Now what about M/S EQ? In this acronym, the ‘M’ stands for ‘mid’ and the ‘S’ for side. In m/s you visualize the stereo field as having sides, the edges, hard right and hard left, and then in between them a perceived middle. M/S EQs will let you work on this perceived ‘sides’ and ‘mid’. For example, when mastering, you might be mixing a song with hard panned guitars, and then on the middle, the snare, the kick and the bass. With m/s EQing you can focus on the hard left and right, and make the guitars brighter while leaving the middle alone.

Why should I care? If you slap a mono EQ into a stereo track, you’re making it mono! It makes a difference which you use. and using different varieties of EQing will help you to achieve different effects.

When should I use each? Use mono and stereo EQs for mixing stage and leave the m/s for mastering.

In summary:

Mono EQ:

  • Hint – Be careful not to turn your stereo track into mono with a misplaced mono EQ;

Stereo EQ:

  • Hint – try slightly different settings on each side in order to achieve different effects


  • Favored by mastering engineers;
  • It’s not necessarily better than a Stereo EQ. It just helps you achieve different results;
  • Try to use it on instruments hard panned like guitars and keys.


Static EQs vs. Dynamic EQs


Differences; Imagine you have a kick drum in your session. You get an EQ and you slap it on your track, and after some masterful engineering on your part, you get that sweet thick spot to get the sound you were looking for. Awesome! The kick plays through the whole song and it sounds amazing.
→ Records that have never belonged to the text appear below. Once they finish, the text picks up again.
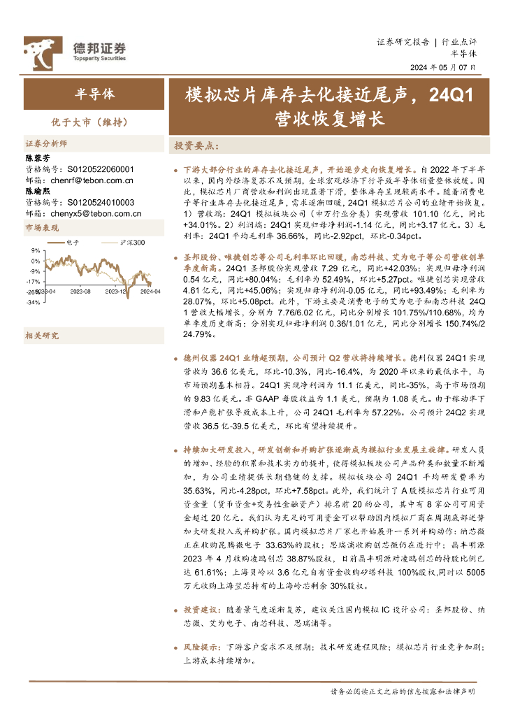 德邦证券:半导体:模拟芯片库存去化接近尾声,24Q1营收恢复增长.pdf
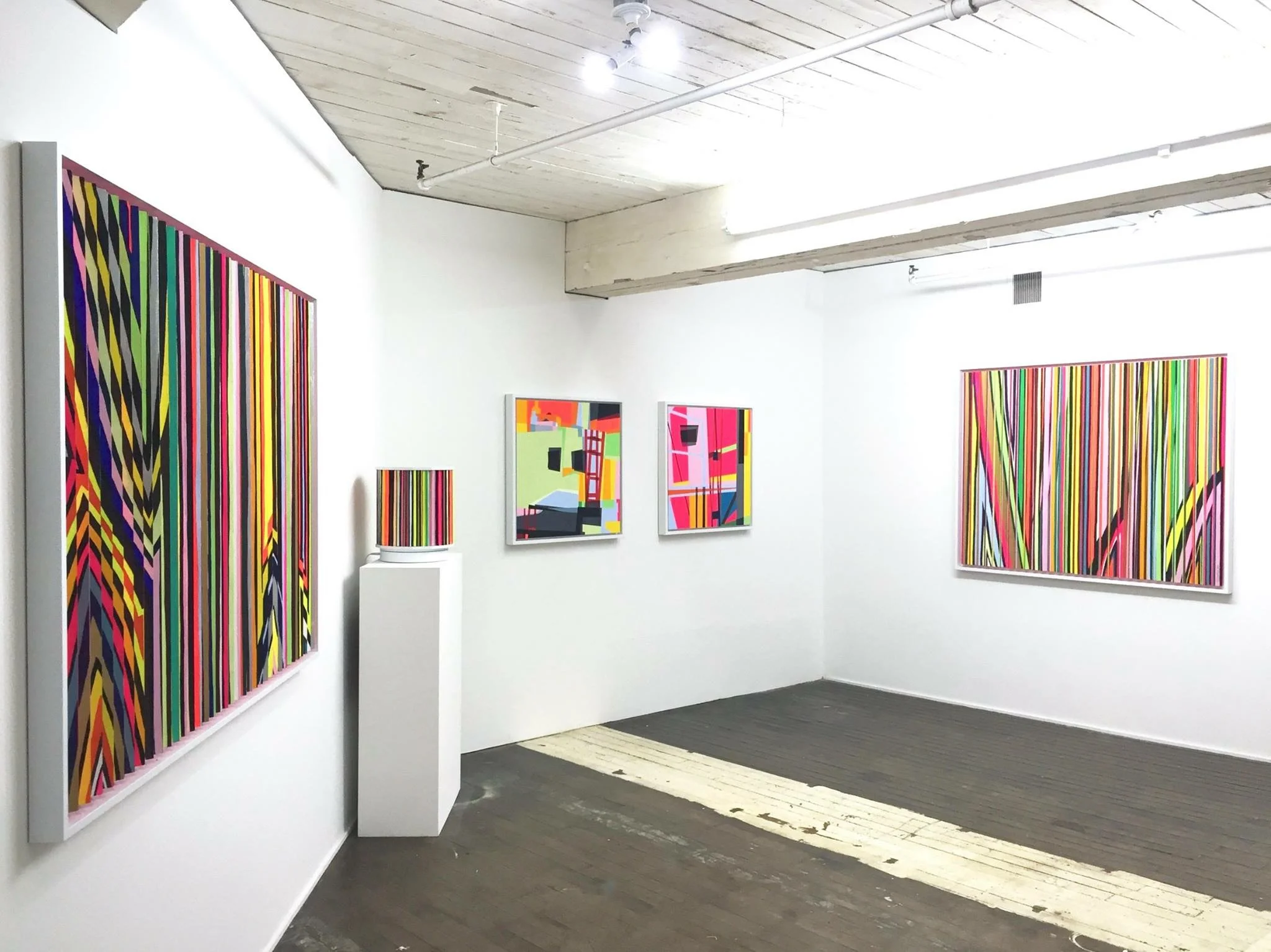For his solo exhibition at Calico, Michael Hambouz creates a new experimental body of work to navigate and resolve recent experiences with loss and disappointment. Through meditative multi-staged techniques (painting, drawing, woodworking, photography, paper cutting, audio experimentation, and video animation), he reclaims the power of the negative and casts it back to the viewer, transformed—“pink-washing” the dark spots and conjuring healing and positivity through radiant hues and energetic vibrating forms.
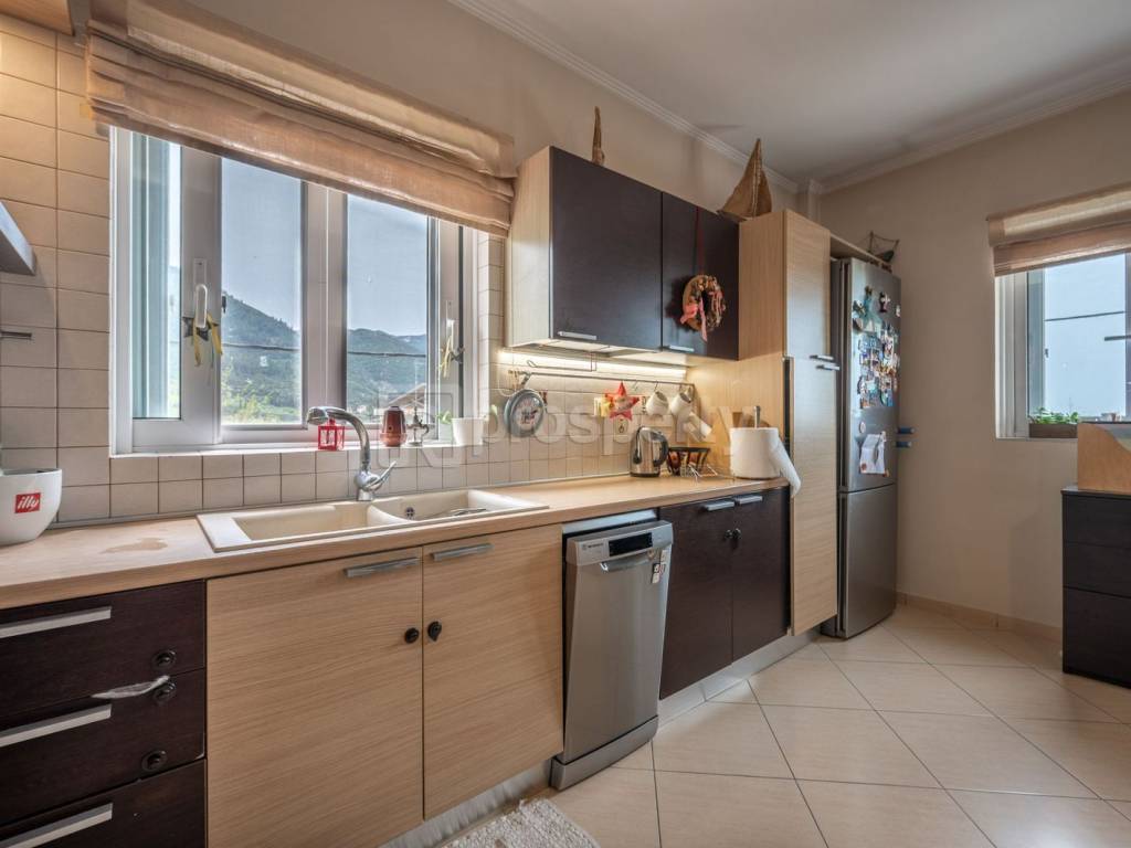 Bright first-floor apartment in the Perivola area of Achaia, with a total surface of 131 sq.m., located in a quiet part of Souli and offering unobstructed panoramic views over the city of Patras. Built in 2005, the property is an excellent choice for both private residence and investment, combining functionality, comfort, and strong return potential. The main apartment covers 89 sq.m. and features two spacious bedrooms, an open-plan living and dining area with a fireplace, a functional kitchen, a bathroom, and a large veranda of approximately 25 sq.m. with panoramic views. It is dual-aspect and filled with natural light, equipped with aluminum window frames, double glazing, insect screens, and a security door, while the flooring consists of tiles and the energy efficiency rating is class B. The property also includes autonomous oil heating, four air conditioning units, and a 160-liter solar water heater, ensuring year-round comfort with low shared expenses. The 42 sq.m. basement includes a closed garage and storage space, with pre-installed connections for a kitchen and bathroom, offering the potential to be converted into a fully independent apartment. This feature significantly enhances the property’s value, making it ideal for guest accommodation or rental use. The apartment is front-facing, with a west-southwest orientation and easy access via asphalt road, while it is located just 7 km from the sea. It includes a parking space and is part of a two-story building, offering privacy and tranquility. The property is immediately available, with a price of €177,000 and a price per square meter of €1,988.76, representing a complete and high-quality opportunity in the wider Patras area ☎️ 210 6812500
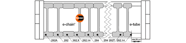 Ondersteuning van het onderste deel van de rups - modulaire set, afleggoot uit één stuk voor de onderloop van de kabelrups. Uw breedte, hoogte en kleur - we leveren de ideale kabelrups, samen met het afleggoot systeem, installatieklaar voor op uw machine of toepassing. Bespaar tijd op inkoop en ontwerp.
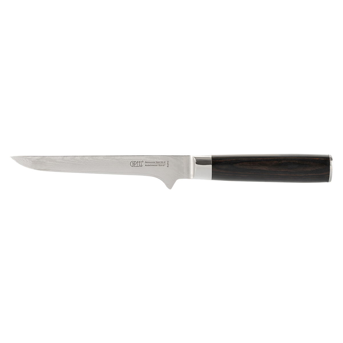 Нож обвалочный GIPFEL AKITA 8422. Размер лезвия 15,2 см. Толщина лезвия 2,5 мм. Материал дамасская сталь VG10. Ручка: высокого класса Pakka.
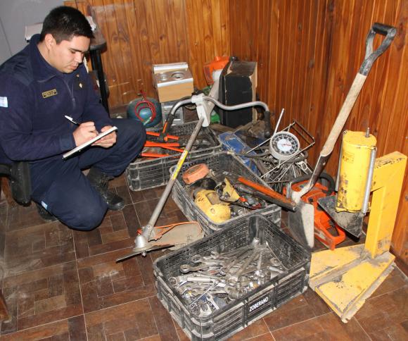 Cuatro presuntos ladrones fueron sorprendidos ayer en la madrugada en un asentamiento de Chimbas, con unas herramientas y máquinas que habían sido robadas el miércoles último de una finca de Albardón.
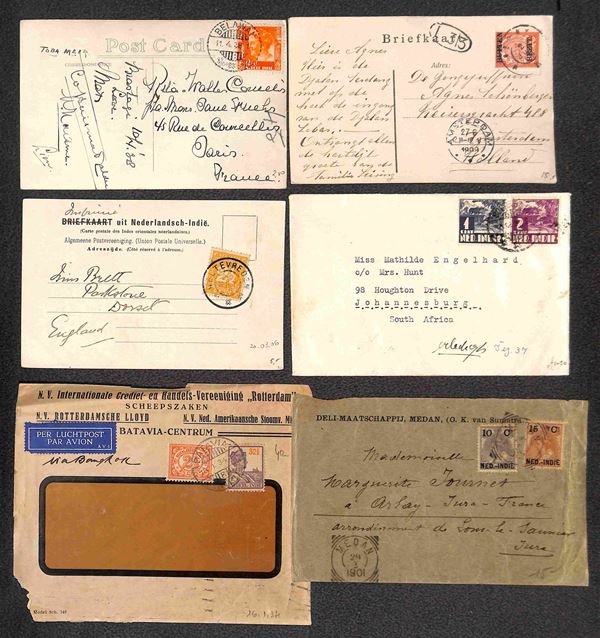Indie Olandesi - 1900/1938 - Quindici cartoline + tre buste usate nel periodo - varie destinazioni - da esaminare
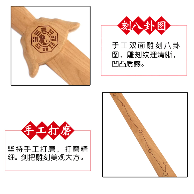 Audious peach sword hangs the Taoist sword one gossip seven star sword log without paint supplies fitness morning practice Tai ji sword
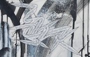 ペンシルのスクライブ、マーカーのドリップ、エアゾールの噴射と、あらゆる線形が、運動とスピードとして解析されている。ストリートの特殊な空間に開かれているグラフィティを、別のルールをもつアートへと適切に解体し、再構築することには、きわめて厳密な操作が求められる。しかし、かつてレターとバックグラウンドのためにあった「かく」ことは、グラフィティにも、アートにも編み上げられないトランスフォームを繰り返し、かついずれのコンテクストをも決してないがしろにせずに、そこで絡まる回線を接続し直そうとするためにある。このような思考の経路をたどれば、容易に判読させない文字の形態化であるレターのあり方は、バックグラウンドの深くから入り組むことになる。絵画空間に浮き沈みする、あまりにグラフィティ的な線形は、文字以前にある視覚言語と連動した文体となって、大山のスタイル、すなわちQTSを、身体的、そして造形的な現在時制へと置いたまま、生態的に行き交わせる根拠をつくり出しているのである。
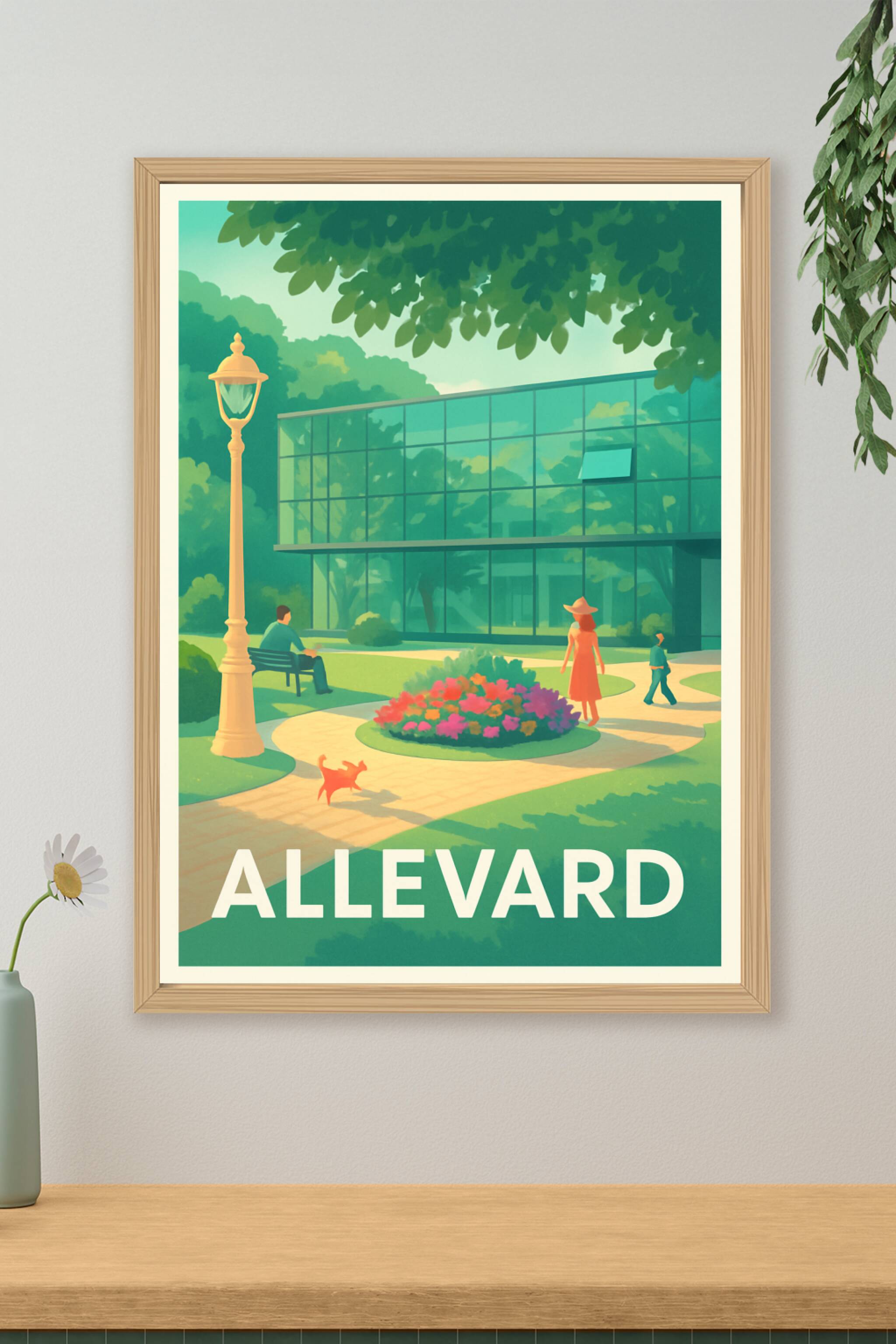 Découvrez la sérénité d'Allevard avec cette affiche inspirante qui capture un moment de quiétude dans un parc verdoyant, aux contours lumineux et a...
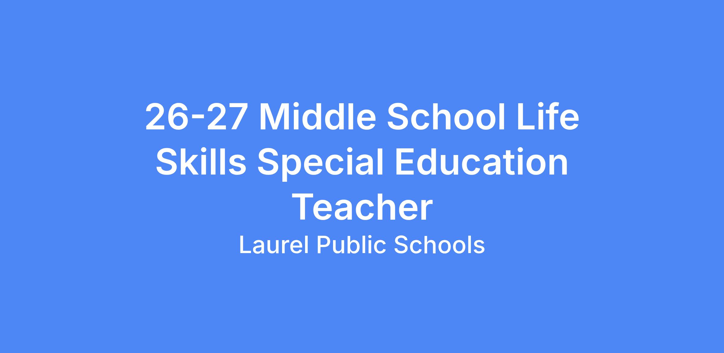 The Laurel School District is seeking qualified applicants for the position(s) of Middle School Life Skills Special Education Teacher, for the 2026-2027 school year.
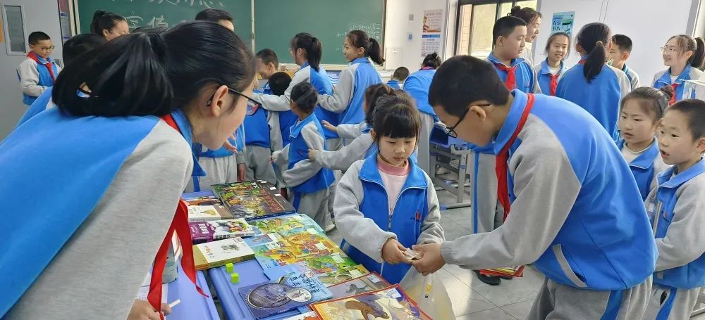 同学们兴高采烈地穿梭在闪烁着智慧光辉的书籍中,尽享“淘书”的乐趣。淘到书的孩子们脸上洋溢着幸福的笑容,有的兴奋地向同伴炫耀“战利品”,有的同学甚至迫不及待地阅读起来。
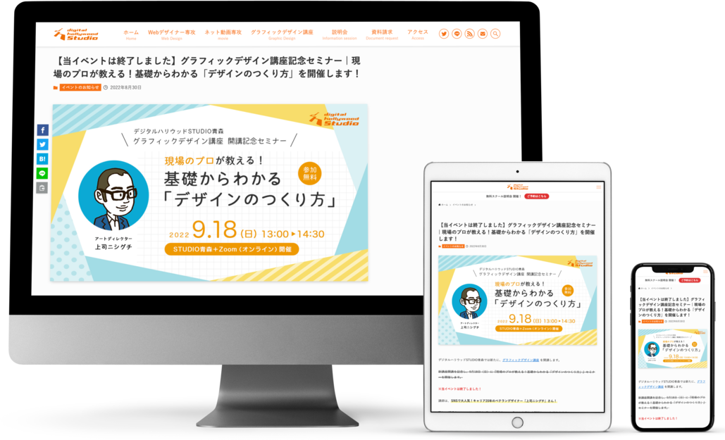 スクールの受講生に限らず、デザインに興味がある一般の方々に当セミナーを広く知っていただくため、ブログでの周知用のアイキャッチバナー(1280×720px)、ネット広告プロモーション用バナー2サイズ(1200×628px、300×300px)を制作しました。
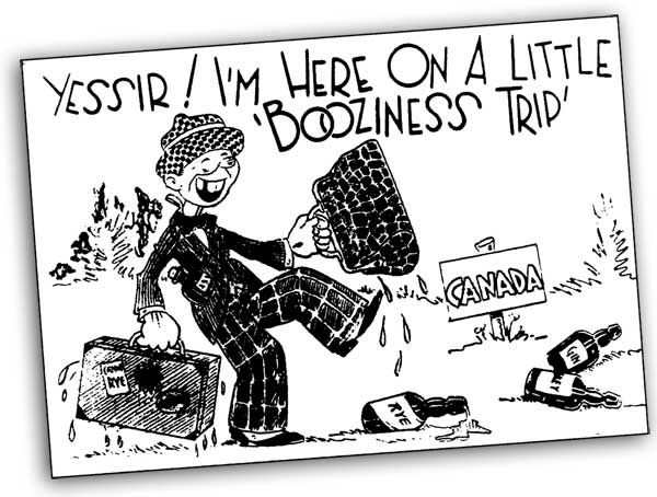 Prohibition-era postcards, like this one, suggest that Americans were, for once, appreciative of their northern neighbours. Another had the caption “Hic! Hic! Hooray for Canada!”

Why should I care? Static EQs might not do the job for you if there is a huge range of frequencies in your track, unless you automate it. A good dynamic EQ will save you loads of time.

When should I use each? Fetch the dynamic EQs for instruments that go up and down the frequency spectrum such as some vocals or the bass. Static EQ will work just fine for drums and other instruments that tend to focus around the same frequencies.

Surfer EQ
Surfer EQ is a Dynamic ‘smart’ EQ

In summary:

  • Smart EQ that can save you a lot of time.


Transparent EQ vs. Coloring EQ

Differences: The name is pretty much self-explanatory. You can’t even tell that more transparent EQs have been used, where as coloring EQs add warmth and a change to the sound you’re mixing. As a general rule, digital EQs tend to be more transparent, and simulations of analog EQs tend to have a bit more character.

Why should I care: It’s true that you can’t even tell the difference in the beggining, but if you want to take it a step further look for your own sound! Get that EQ that is perfect for boosting your drums! Or get that EQ that really gets your vocals rock! With this step, you just have to experiment a lot on your own.

When to use each: Use more transparent EQing for cuts, and use coloring EQ for changing the character of the sound. Out of the free EQs I added, I’ll use BootEQ when boosting my drums, or when boosting high frequencies. I’ll use the PTEq-X for the bass. Look for your own sound!


EQing is a planet of its own, but in the end is always boosting and cutting frequencies and it isn’t as complicated as many make it sound. It’s true that having some analog EQs in your arsenal is cool and takes your sound to the next level, but you don’t have to spend hundreds on it in order to get great sounding mixes. It’s all about training your ears and knowing what to cut or boost.